This is important because it highlights how built-in table-valued functions like READ_CSV can seamlessly integrate with other language constructs and features. For instance, you can use READ_CSV not only for exploration but also for ingestion by combining it with other SQL operations, such as INSERT INTO t SELECT * FROM read_csv(...). This demonstrates that the capabilities provided during data ingestion are inherently part of the function itself, streamlining workflows and reducing the need for separate ingestion-specific references.
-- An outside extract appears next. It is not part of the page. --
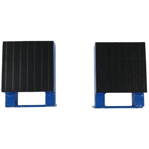 Kit de base rolante metálico para a movimentação de cargas pesadas. A base rolante e as plataformas giratórias têm um revestimento antiderrapante em borracha. Rodas em nylon resistente ao desgaste. Caixa bloqueável com rodízio para um manuseamento simplificado.

Example: Previewing a CSV File

SELECT * 
FROM READ_CSV('s3://firebolt-sample-datasets-public-us-east-1/nyc_sample_datasets/nycparking/csv/17C226C1CB54CCC9_1_0_0.csv')
LIMIT 10;

This query reads the first 10 rows of the specified CSV file. You can also configure additional parameters such as:

header: Skips the first row if the CSV file includes headers.
delimiter: Specifies the character that separates values (e.g., commas for CSV files).

How This Helps

Reading CSV data before ingestion allows you to:

Check for proper formatting (e.g., ensuring no missing delimiters).
Verify the integrity of the data.
Ensure that the data types are consistent with your target schema (e.g., numeric values where expected).
Experiment with different formatting options and examine the outputs

Explore the data before ingestion to prevent common errors like column misalignments or incorrect data types that often occur when ingesting CSV files directly.

3. Exploring Parquet Data

For columnar data formats like Parquet, which are commonly used for large datasets due to their efficiency in storage and querying, Firebolt provides the READ_PARQUET function. This allows you to explore the structure of a Parquet file and ensure its schema matches your expectations.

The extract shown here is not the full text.